Up to and including the line with "魔法少女提示词:twintails, long hair, cape, detached", please set down the entries below exactly, starting from the first line.

## DATA EXTRACTS
■ ■ ■

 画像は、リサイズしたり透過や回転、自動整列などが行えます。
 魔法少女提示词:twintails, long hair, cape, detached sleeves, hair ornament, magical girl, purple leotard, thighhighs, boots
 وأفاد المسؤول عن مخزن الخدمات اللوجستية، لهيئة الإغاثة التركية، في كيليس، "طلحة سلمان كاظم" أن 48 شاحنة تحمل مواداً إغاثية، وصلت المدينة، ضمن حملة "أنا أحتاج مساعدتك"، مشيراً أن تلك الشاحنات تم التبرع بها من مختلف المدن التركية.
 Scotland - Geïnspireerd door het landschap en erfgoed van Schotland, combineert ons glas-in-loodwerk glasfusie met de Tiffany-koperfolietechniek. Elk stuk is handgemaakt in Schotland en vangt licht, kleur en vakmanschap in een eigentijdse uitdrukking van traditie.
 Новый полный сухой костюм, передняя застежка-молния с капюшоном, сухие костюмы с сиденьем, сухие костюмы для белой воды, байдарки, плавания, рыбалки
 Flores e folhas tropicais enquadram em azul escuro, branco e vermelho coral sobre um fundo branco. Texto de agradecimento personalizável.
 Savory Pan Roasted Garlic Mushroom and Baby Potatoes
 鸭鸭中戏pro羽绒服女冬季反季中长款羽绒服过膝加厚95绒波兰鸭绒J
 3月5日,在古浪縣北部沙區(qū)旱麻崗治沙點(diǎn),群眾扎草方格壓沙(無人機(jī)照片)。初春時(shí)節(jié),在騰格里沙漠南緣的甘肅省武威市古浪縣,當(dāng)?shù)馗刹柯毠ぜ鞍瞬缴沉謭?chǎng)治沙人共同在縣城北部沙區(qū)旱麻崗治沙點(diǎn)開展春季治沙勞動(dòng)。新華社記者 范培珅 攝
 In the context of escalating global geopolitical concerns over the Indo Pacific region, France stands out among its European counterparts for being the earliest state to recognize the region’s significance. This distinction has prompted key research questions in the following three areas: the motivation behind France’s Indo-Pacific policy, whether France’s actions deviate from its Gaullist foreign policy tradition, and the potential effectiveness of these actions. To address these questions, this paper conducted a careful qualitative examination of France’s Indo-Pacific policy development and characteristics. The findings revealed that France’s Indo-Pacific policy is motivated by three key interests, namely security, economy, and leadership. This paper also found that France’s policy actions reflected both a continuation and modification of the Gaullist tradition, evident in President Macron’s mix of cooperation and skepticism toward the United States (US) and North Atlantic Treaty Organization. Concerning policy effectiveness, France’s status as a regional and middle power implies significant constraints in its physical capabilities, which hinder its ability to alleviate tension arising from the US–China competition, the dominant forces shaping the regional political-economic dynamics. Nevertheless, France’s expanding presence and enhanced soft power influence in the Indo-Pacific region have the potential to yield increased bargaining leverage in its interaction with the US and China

■ ■ ■

## EXPECTED ANSWER
 画像は、リサイズしたり透過や回転、自動整列などが行えます。
 魔法少女提示词:twintails, long hair, cape, detached sleeves, hair ornament, magical girl, purple leotard, thighhighs, boots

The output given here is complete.